Le front de Lyman a vu 18 attaques russes, les forces ennemies tentant de percer les défenses près de Novoiehorivka, Novovodiane, Derylove, Kolodiazi, Zarichne, Myrne et Shandryholove. Sur le front de Kramatorsk, neuf affrontements ont été enregistrés près de Vasiukivka, Minkivka, Chasiv Yar et vers Bondarne. Le secteur de Kostiantynivka a subi 22 attaques près de Kostiantynivka, Oleksandro-Shultyne, Kleban-Byk, Yablunivka, Rusyn Yar et vers Sofiivka.
Le nord et le sud également touchés
Dans les secteurs de Slobozhanshchyna Nord et de Koursk, l’ennemi a mené trois attaques et effectué 89 tirs d’artillerie, dont trois provenant de systèmes de roquettes à lancement multiple. Sur le front d’Oleksandrivka, les Russes ont lancé 15 attaques près de Zelenyi Hai, Oleksandrohrad, Sichneve, Stepove, Vyshneve, Verbove, Krasnohirske, Rybne et Yehorivka. Le secteur d’Orikhiv a vu six tentatives de percée vers Stepnohirsk et Prymorske.
Même le front de Prydniprovske, généralement plus calme, a connu trois tentatives infructueuses des forces russes d’approcher les positions ukrainiennes. Sur les fronts de Volyn et de Polissia, aucune formation de groupes offensifs russes n’a été détectée. Mais cette accalmie relative ne doit pas faire illusion. Les Russes peuvent redéployer leurs forces rapidement, et ce qui est calme aujourd’hui peut devenir un enfer demain. C’est la nature de cette guerre : imprévisible, totale, sans répit.

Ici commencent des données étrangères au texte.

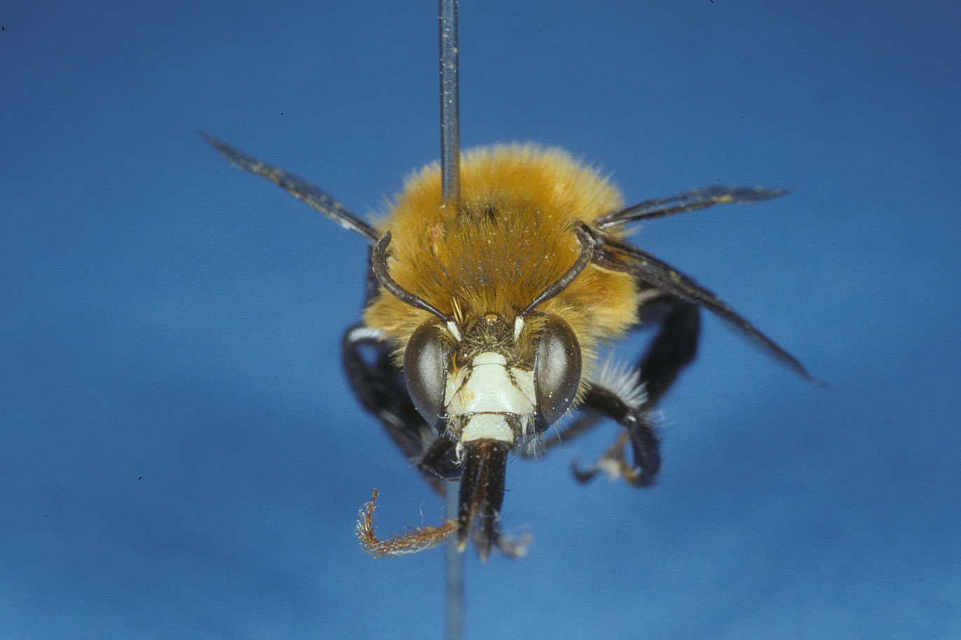 Rechts: Frontalansicht des Männchens von Anthophora purpuraria.
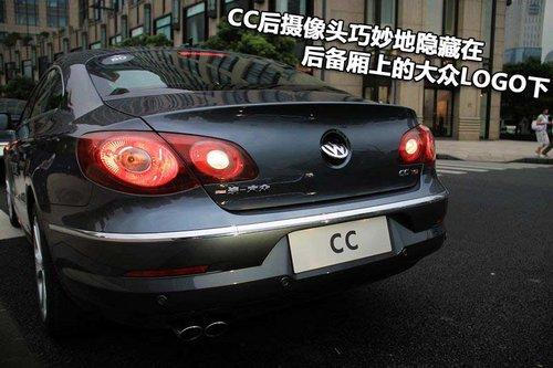 一汽-大眾CC轎跑車的后攝像頭巧妙地隱藏在后備廂上的大眾LOGO下,當擋位處于R擋狀態(tài)下,“大眾”標志自動抬起且露出攝像頭。設(shè)計既巧妙美觀,又可以防止意外損壞。
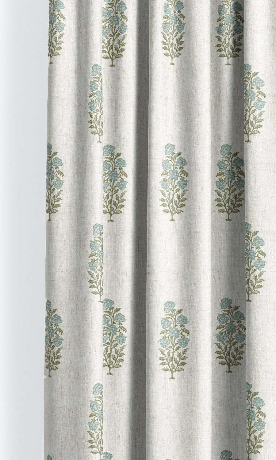 - Decorate the border with trims: Finish Three Farms curtains with blue border trims to add color, texture, and handcrafted charm. Like reeds and blooms swaying in the breeze, trims bring a whimsical flourish that enhances the natural poetry of the fabric's floral motif.
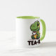 Insufflez votre heure du thé avec le charme préhistorique en utilisant cette adorable tasse à thé "Tea-Rex" ! Présentant un délicieux T-Rex vert prenant plaisir dans une tasse de thé relaxante, cette tasse est parfaite pour ceux qui adorent les dinosaures et les puns. C'est un ajout idéal à la collection de tous les amateurs de thé et une façon fantastique d'apporter une joie jurassique à votre routine quotidienne. Avec sa poignée et son intérieur vert vif, c'est un cadeau fantaisiste pour les amateurs de thé avec un sens colossal de l'humour.
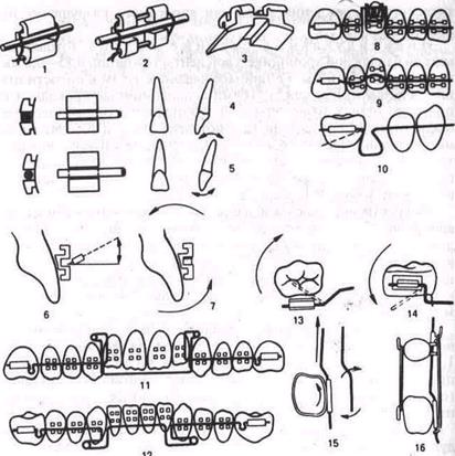 Рис. 11.1. Аппарат Энгла сложной конструкции (эджуайз-техника). I—7 — замковые приспособления с прямой (1, 5, 7) и косой (6) прорезями и расположение круглых и четырехгранных дуг в замковых приспособлениях (1, 2, 4, 7); 8—10 — расположение дуги для перемещения отдельных зубов; II—12 — форма и положение дуги для зубоальвеолярного удлинения (11) и укорочения (12); 13—16 — форма и расположение конца дуги в опорной трубке на моляре.
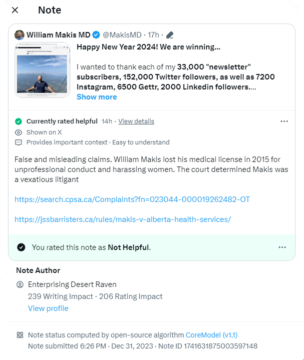 This is defamation @elonmusk. @CommunityNotes are now engaging in defamation. For any lawyer interested - this is a easy multi-million dollar case. Let me address this fraudulent "Community Note". I have never harassed anyone in my life, and my license was not "lost in 2015". In 2015, former Alberta Health Services CEO Dr.Verna Yiu (@DrYiu_verna) conspired to illegally shut down my Cancer Treatment Program in Edmonton, Alberta (Cross Cancer Institute) which was curing end stage Neuroendocrine Cancer in 90% of patients. It was Clinical Trial NCT01876771 and was the largest of its kind in North America. The illegal sabotage of this Clinical Trial would inflict bodily harm or death on more than 2456 Alberta Cancer patients. In 2017, AHS CEO @DrYiu_Verna offered me a $400,000 bribe, in return for signing a non-disclosure agreement about the sabotage of my cancer program and murder of my cancer patients. I refused the bribe. Within 6 hours of my refusal, College of Physicians and Surgeons of Alberta @CPSA_CA took my medical license #023044 hostage and started threatening my family & my children. They threatened & extorted my family for 1.5 years, claiming they would destroy my professional reputation and my medical career if I didn't sign that deal with Alberta Health Services. They claimed: "we will punish your family financially". I reported these threats to @edmontonpolice Chief Rod Knecht who opened an EPS Criminal Investigation File #18-132308, but it was covered up by EPS Detective Kevin Schindeler Reg#2049 who protected CPSA and AHS Officials. After I refused CPSA's threats to settle with AHS, they cancelled my medical license on Feb.12, 2019 for "non-payment" of College fees, which included a $75,000 "administrative penalty" they were extorting my family with, to get me to sign the non-disclosure agreement with AHS. This license cancellation is still recorded on the College website. Over the period 2015-2022, Alberta Health Services CEO @DrYiu_Verna murdered or inflicted bodily harm on 2456 Alberta cancer patients, with many more dying because they couldn't access life saving treatments in the Clinical Trial after it collapsed in 2017. It is the greatest healthcare scandal in Alberta history, and probably Canadian history. This scandal involves many politicians (including @RachelNotley & @jkenney who provided funding to AHS in the millions of dollars to cover up these patient murders), and it involves many other prominent leaders in Alberta. They murdered or inflicted bodily harm on 2456 Alberta cancer patients. And I have over 50,000 pages of documents to prove it. Including names. I will be exposing all the details of this scandal in 2024, which involves many Alberta Judges as well, each of whom I will name, and the exact role they played in this scandal. I have never shown the $400,000 Alberta Health Services bribe before, but here it is. It was authorized by former Alberta Premier @RachelNotley & her Alberta Ministry of Health, led by Sarah Hoffman in 2017. It has been under a total Alberta media blackout for 6 years now. No one will dare report on it. @DrYiu_Verna, after murdering or inflicting bodily harm on 2456 Alberta cancer patients, was recently appointed Vice President of University of Alberta @UAlberta, as announced by President @BFlanaganUofA who is deeply involved in this AHS scandal personally. Who else is involved? Entire leadership of Alberta Health Services Entire leadership of @CPSA_CA Several officials of @AlbertaDoctors Law Society of Alberta @LawSocietyofAB A number of top Alberta Law Firms including Bennett Jones, Gowling WLG, Field Law LLP, Shores Jardine LLP, CMPA, etc. A number of prominent Alberta Judges including Chief Justices at both Court of King's Bench and Court of Appeal who have been committing fraud in Court for 5 years now, on behalf of AHS and CPSA, to help them cover up these patient murders. Much more to come in 2024. This is only the beginning of what I will expose. @ABDanielleSmith @AdrianaLagrange @GoAHealth @YourAlberta @CBCEdmonton @ctvedmonton @EdmontonJournal @SunRickBell @CityNewsYEG @GlobalEdmonton #cdnpoli #ableg #abhealth

Quand je lis cette liste de fronts, de secteurs, de localités, je réalise l’ampleur de cette guerre. Ce n’est pas un conflit localisé. C’est une guerre qui s’étend sur des centaines de kilomètres, qui touche des dizaines de villes et de villages, qui affecte des millions de vies. Et sur chacun de ces fronts, des hommes et des femmes se battent, souffrent, meurent. C’est vertigineux. C’est écrasant. Et c’est la réalité quotidienne de l’Ukraine depuis bientôt quatre ans.
Le coût humain de cette guerre
Des chiffres qui donnent le vertige
Les statistiques de cette guerre donnent le vertige. 1 215 900 soldats russes tués ou blessés depuis le début de l’invasion à grande échelle. 1 400 pertes russes rien que le 7 janvier. 275 affrontements en 24 heures. 4 529 drones kamikazes lancés en une journée. 3 282 tirs d’artillerie. Ces chiffres sont si énormes qu’ils en deviennent presque abstraits. On perd le sens de ce qu’ils représentent vraiment. Mais derrière chaque statistique, il y a des vies humaines, des histoires, des familles.

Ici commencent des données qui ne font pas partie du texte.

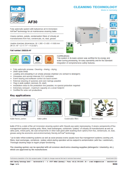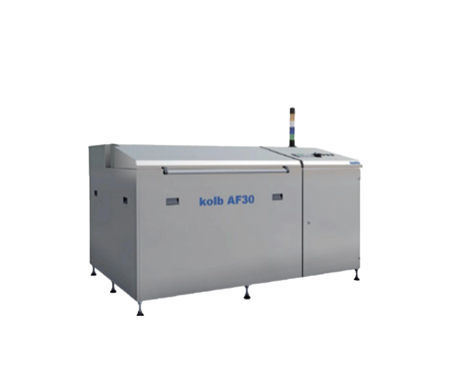 Kolb AF30 是一款最先进的单室 XL 系统,采用 AirFlow® 湍流气流浸泡技术和 ClosedLoop 水处理回收系统。它能够清洁几乎所有厂家生产的助焊剂管理系统的组件(如冷却单元、过滤器、热交换器、容器/板)以及车床零件、铣削零件或压铸部件上的助焊剂、冷凝物、油、灰尘和油脂,采用经济且环保的 AirFlow® 技术。
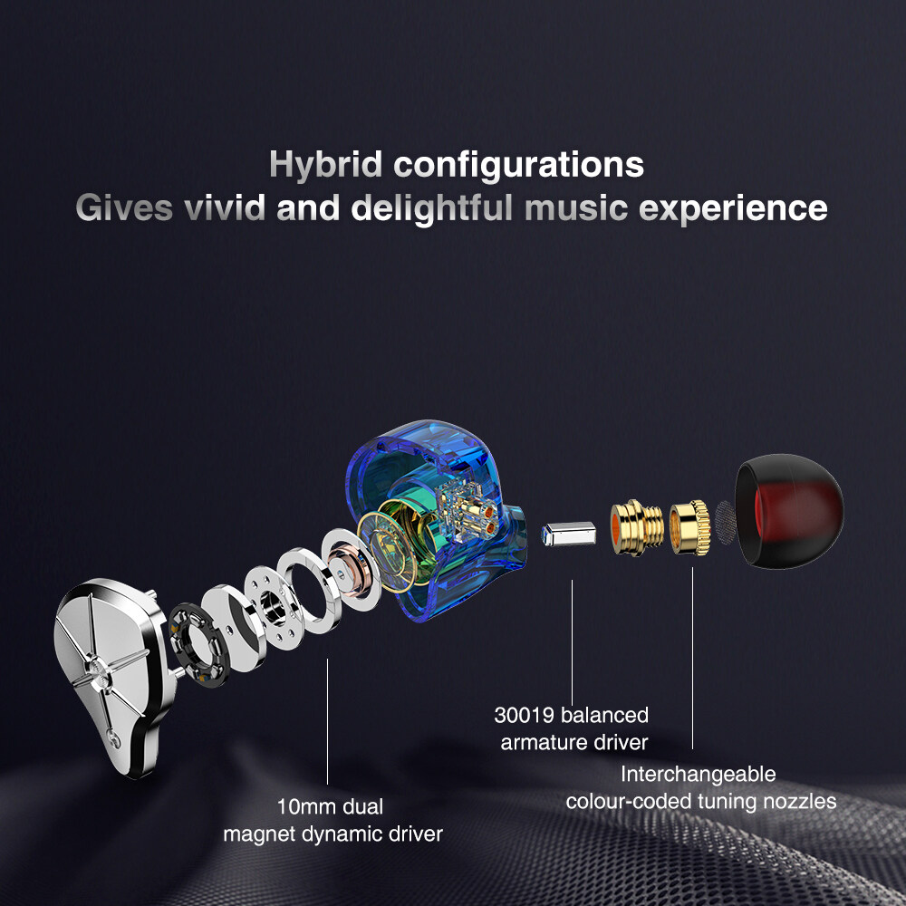 16.Driver unit: 1DD 1BA hybrid driver unit(10MM DD+custom 30019 BA)
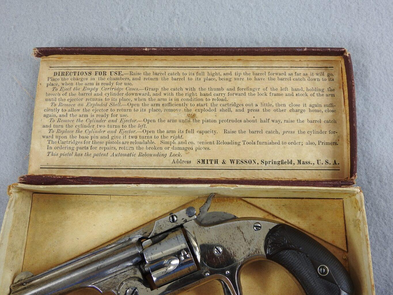 This is a 32-centerfire single action revolver and come with a brown factory box. The box is missing the top right corner of the lid. Other than, that it is in very good condition. The mechanical is very good crisp and tight. The barrel has a very good bright and shiny bore with only small traces of corrosion from the corrosive priming. It retains over 70% nickel finish and no cracks or chips on the grips. The serial number on this 3” barrel revolver is 89368 and is all matching numbers.
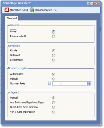Legen Sie in diesen Bereichen durch Aktivierung des entsprechenden Radiobuttons fest, um welchen Adresstyp bzw. welche Kontaktart es sich bei der neu anzulegenden Adresse handelt.

Les pertes ukrainiennes ne sont pas publiquement détaillées, mais elles sont également considérables. Chaque affrontement, chaque bombardement, chaque attaque de drone coûte des vies. Les soldats ukrainiens font face à un ennemi qui les surpasse en nombre, qui dispose de ressources quasi illimitées, qui peut se permettre de perdre des milliers d’hommes pour gagner quelques kilomètres. La fatigue s’accumule. Les blessures physiques et psychologiques s’accumulent. Et pourtant, ils continuent de se battre, jour après jour, nuit après nuit.
Les civils pris au piège
Mais les soldats ne sont pas les seules victimes de cette guerre. Les civils ukrainiens vivent sous la menace constante des bombardements, des frappes de missiles, des attaques de drones. Les villes proches du front sont régulièrement touchées. Kherson a récemment été bombardée, faisant quatre blessés civils. Une frappe russe a coupé l’électricité à huit mines dans la région de Dnipropetrovsk. Plus d’un million de personnes se sont retrouvées sans chauffage ni eau dans cette région après des frappes sur les infrastructures énergétiques.
Les évacuations se poursuivent dans les zones proches du front. La région de Tchernihiv, à la frontière nord, voit des populations évacuées face à la menace russe. Des villages entiers sont désertés, leurs habitants fuyant vers des zones plus sûres. Mais où est la sécurité en Ukraine aujourd’hui ? Les missiles russes peuvent frapper n’importe où, à n’importe quel moment. Les drones peuvent surgir du ciel sans avertissement. La guerre est partout, même loin du front. C’est une réalité avec laquelle des millions d’Ukrainiens doivent vivre chaque jour.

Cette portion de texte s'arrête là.